Large Photo-Thermal Effect in Sub-40 nm h-BN Nanostructures Patterned Via High-Resolution Ion Beam
ORAL
Abstract
The controlled nanoscale patterning of 2D materials is a promising approach for engineering their optical, thermal, and mechanical properties. Herein, we demonstrate nanoscale patterning of hexagonal boron nitride (h-BN) via both helium and neon ion beams and the resulting photo-thermal effects. We fabricate a grating with a 35 nm pitch, individual structure sizes down to 20 nm, and nanostructures with different aspect ratios. Raman spectroscopy is used to study the defects induced by the ion beam and is correlated to scanning probe microscopy. Photo-thermal and scanning near-field optical microscopy measure the near-field absorption and scattering. These measurements reveal a large photo-thermal expansion of nanostructured h-BN that is dependent on the height to width aspect ratio.

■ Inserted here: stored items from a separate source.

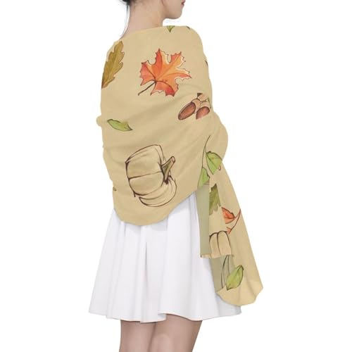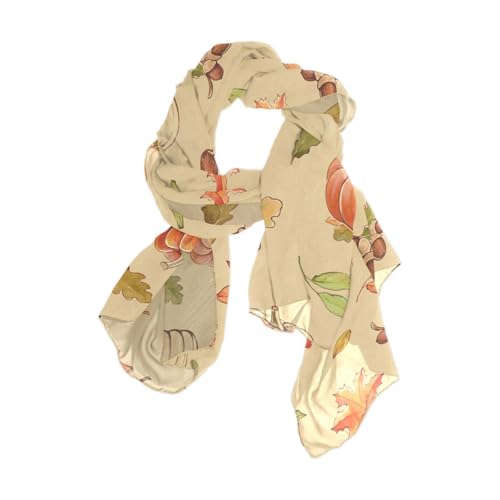 OTVEE Autumn Leaves and Pumpkin Scarf for Women Lightweight Soft Chiffon Scarf Shawl Wrap for Women 7
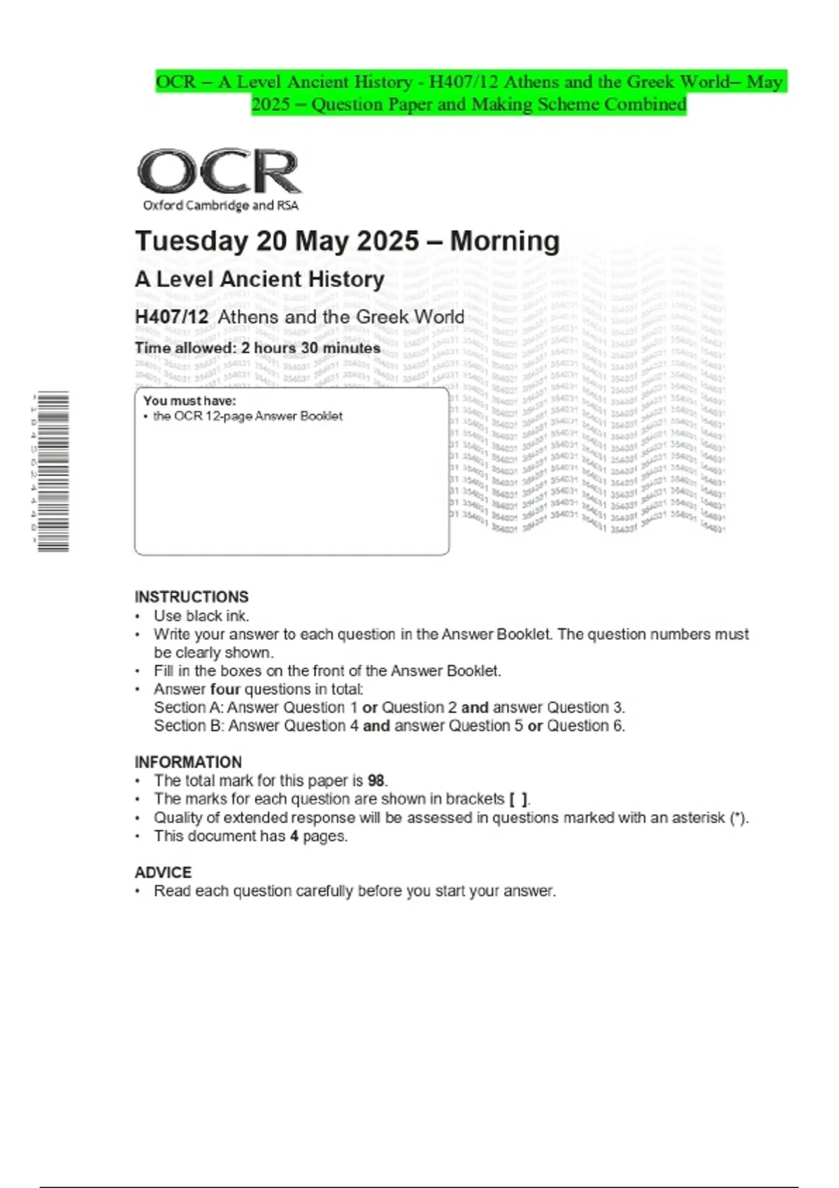 OCR AS Level Ancient History - H007/01 Relations between Greek states and between Greek and non‑Greek states, 492–404 BC- May 2025 – Question Paper and Making Scheme Combine
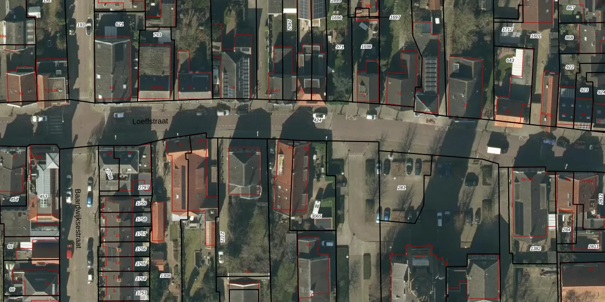 Het perceel waarop Loeffstraat 46 staat heeft een oppervlakte van 385 m². Dit is een groot perceel. De perceeloppervlakte wordt geregistreerd door het Kadaster. Gedetailleerde informatie over de maten van dit perceel kunt u vinden in het rapport Kadastrale kaart met maatvoering van Loeffstraat 46.
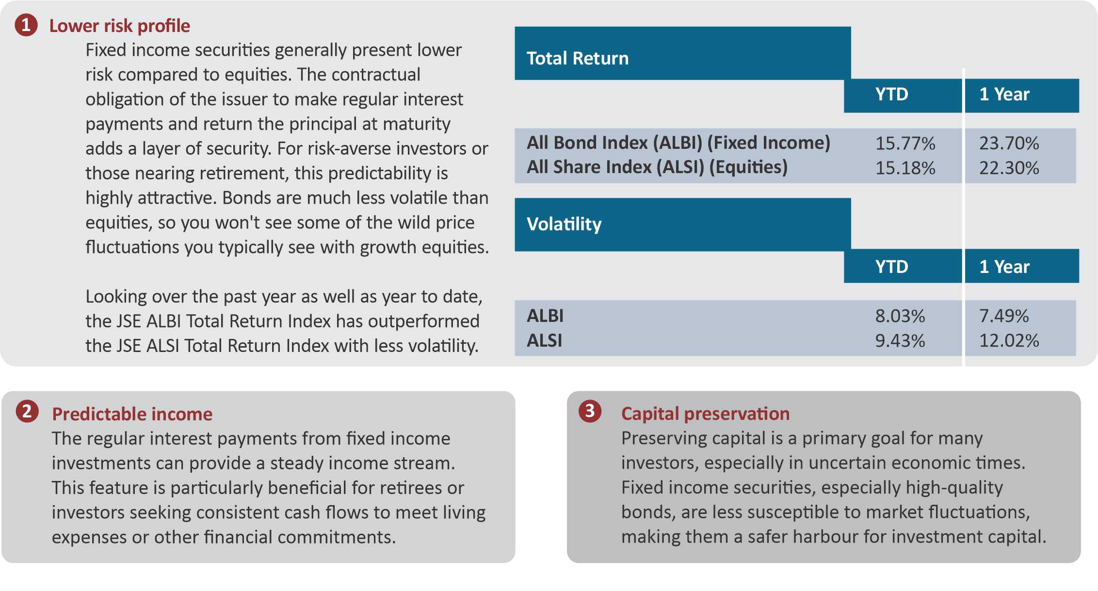 Fixed income assets play a crucial role in diversifying portfolios and mitigating fund risk and volatility. As interest rates fall, stock markets may experience volatility—either due to changes in investor expectations or economic uncertainty. In such times, the relatively predictable nature of fixed income securities provides some stability. Government bonds in particular are considered lower risk compared to equities. They act as a hedge, balancing out portfolio performance during market turbulence and protects overall value.
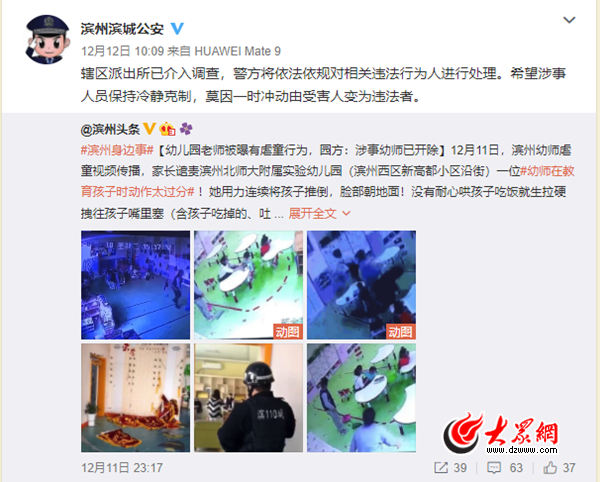 警方通報稱, 2018年12月11日警方接群眾舉報介入調查的濱州市濱城區某民辦幼兒園幼師毆打幼童案現已查明。
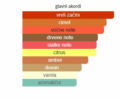 Predstavljen kao eksplozivni drveni i začinski orijentalni miris, savršen “spoj muževnosti i iskušenja.” Kompozicija kombinuje egzotično drvo i začine, sa naglaskom na tri ključna akorda: cimet, crveni kedar i duhan.

This effect is attributed to the large anisotropy of the thermal expansion coefficients of h-BN. For the nanostructures with the largest photo-thermal expansion (absorption), the Raman signal for the h-BN phonon mode at 1368 cm-1 is reduced 49 times while the photo-thermal expansion is increased 11 times, indicating that the nanostructuring significantly modifies the h-BN. Photo-thermal expansion should be present in other vdW materials and may lead to nanomechanical switches driven by light.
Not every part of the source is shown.